Notice the line in 02-kafka.yaml
where we provide a value for KAFKA_ADVERTISED_LISTENERS
. To ensure that Zookeeper and Kafka can communicate by using this hostname (kafka-broker
), we need to add the following entry to the /etc/hosts
file on our local machine:
127.0.0.1 kafka-broker
Testing Kafka Topics
In order to test that we can send and retrieve messages from a topic in Kafka, we will need to expose a port for Kafka to make it accessible from localhost. We run the following command to expose a port:
$ kubectl port-forward kafka-broker-5c55f544d4-hrgnv 9092 -n kafka
Forwarding from 127.0.0.1:9092 -> 9092
Forwarding from [::1]:9092 -> 9092
The above command kafka-broker-5c55f544d4-hrgnv
references the k8s pod that we saw above when we listed the pods in our kafka
namespace. This command makes the port 9092
of that pod available outside of the Minikube k8s cluster at localhost:9092
.
To easily send and retrieve messages from Kafka, we’ll use a command-line tool named KCat (formerly Kafkacat). To create a message and a topic named test, we run the following command:
$ echo "hello world!" | kafkacat -P -b localhost:9092 -t test
The command should execute without errors, indicating that producers are communicating fine with Kafka in k8s. How do we see what messages are currently on the queue named test
? We run the following command:
$ kafkacat -C -b localhost:9092 -t test
hello world!
% Reached end of topic test [0] at offset 1
We did it! We have successfully deployed Kafka with Kubernetes!
Next Steps
Kafka is a key player for organizations that are interested in implementing real-time, event-driven architectures and systems. Deploying Kafka with Kubernetes is a great start, but organizations will also need to figure out how to make Kafka work seamlessly and securely with their existing API ecosystems. What they’ll need are tools to handle management and security for the entire lifecycle of their APIs.

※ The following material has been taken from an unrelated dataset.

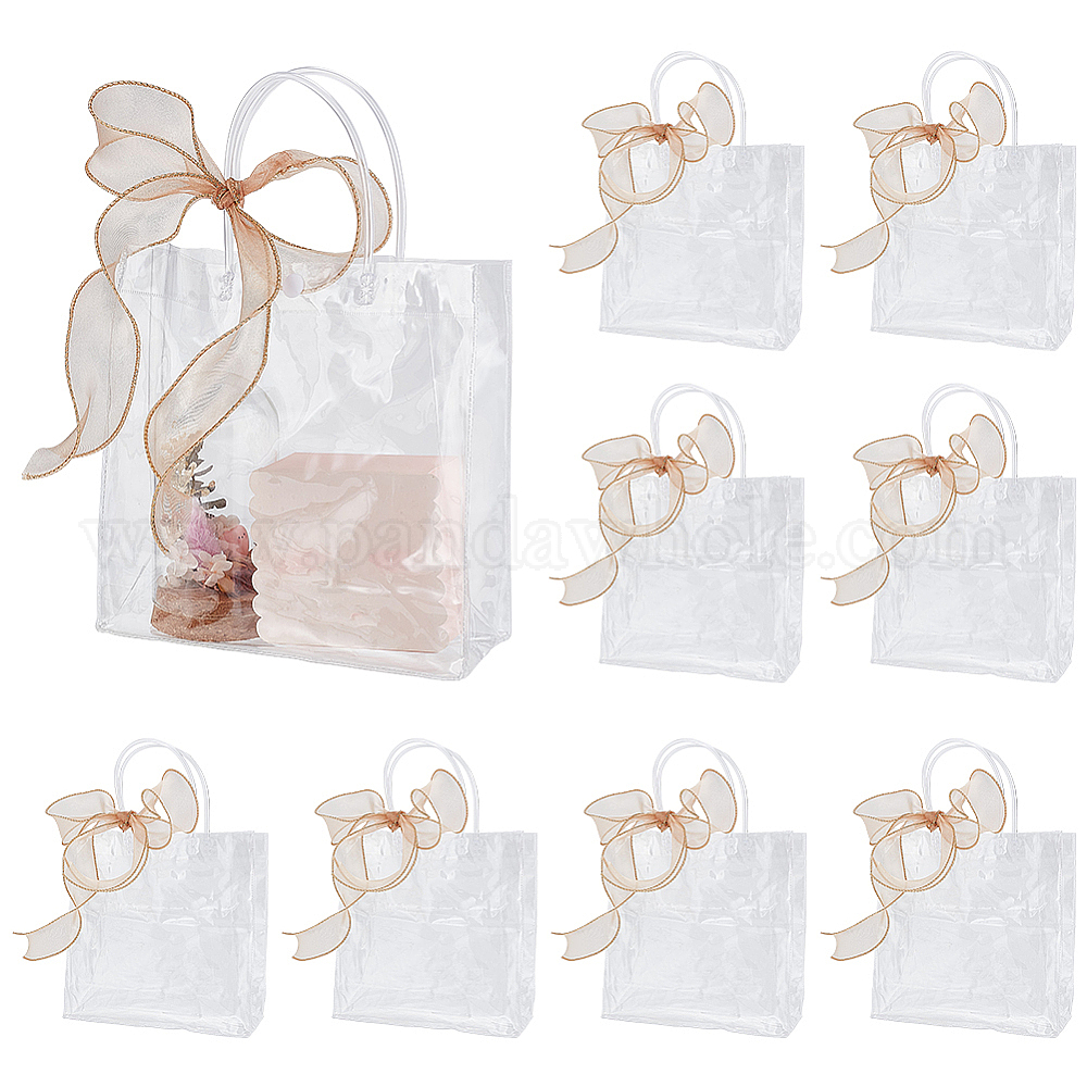 День святого Валентина 50шт. прямоугольные прозрачные ПВХ-пакеты для хранения с ручкой, сумки для хранения подарков, с 1 рулонными лентами из полиэфирной органзы

Among the providers out there, I came across Gravitee, one of the leading solutions that’s particularly focused on helping organizations manage, secure, govern, and productize their API ecosystems — no matter what protocols, services, or styles they’re building on top of. Gravitee even has a Kafka connector that ingests data by exposing endpoints that transform requests into messages that can then be published to your Kafka topic. It can also stream Kafka events to consumers with web-friendly protocols like Websocket.
Conclusion
In this article, we’ve talked about how Kafka helps choreograph microservice architectures by being a central nervous system relaying messages to and from many different services. For deploying Kafka, we’ve looked at Kubernetes, a powerful container orchestration platform that you can run locally (with Minikube) or in production environments with cloud providers. Lastly, we demonstrated how to use Minikube to set up a local Kubernetes cluster, deploy Kafka, and then verify a successful deployment and configuration using KCat.
Happy deploying!